Zong Daoming, Sun Shiliang
IEEE Trans Neural Netw Learn Syst. 2024 Dec;35(12):17805-17816. doi: 10.1109/TNNLS.2023.3309104. Epub 2024 Dec 2.
Human-object interaction (HOI) detection involves identifying interactions represented as , requiring the localization of human-object pairs and interaction classification within an image. This work focuses on the challenge of detecting HOIs with unseen objects using the prevalent Transformer architecture. Our empirical analysis reveals that the performance degradation of novel HOI instances primarily arises from misclassifying unseen objects as confusable seen objects. To address this issue, we propose a similarity propagation (SP) scheme that leverages cosine similarity distance to regulate the prediction margin between seen and unseen objects. In addition, we introduce pseudo-supervision for unseen objects based on class semantic similarities during training. Furthermore, we incorporate semantic-aware instance-level and interaction-level contrastive losses with Transformer to enhance intraclass compactness and interclass separability, resulting in improved visual representations. Extensive experiments on two challenging benchmarks, V-COCO and HICO-DET, demonstrate the effectiveness of our model, outperforming current state-of-the-art methods under various zero-shot settings.

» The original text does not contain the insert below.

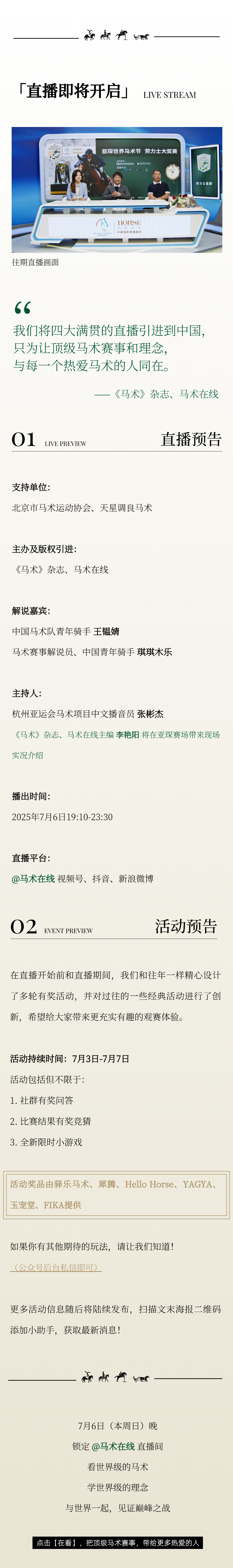 倒計時7日,與四萬現(xiàn)場觀眾共同見證馬術(shù)界傳奇之戰(zhàn)

人机交互(HOI)检测涉及识别表示为 的交互,这需要在图像中定位人与物体对并进行交互分类。这项工作聚焦于使用流行的Transformer架构检测未见物体的人机交互这一挑战。我们的实证分析表明,新型HOI实例的性能下降主要源于将未见物体误分类为易混淆的可见物体。为解决此问题,我们提出一种相似性传播(SP)方案,该方案利用余弦相似性距离来调节可见和未见物体之间的预测边界。此外,我们在训练期间基于类语义相似性为未见物体引入伪监督。此外,我们将语义感知的实例级和交互级对比损失与Transformer相结合,以增强类内紧凑性和类间可分离性,从而改进视觉表示。在两个具有挑战性的基准V-COCO和HICO-DET上进行的广泛实验证明了我们模型的有效性,在各种零样本设置下优于当前的最先进方法。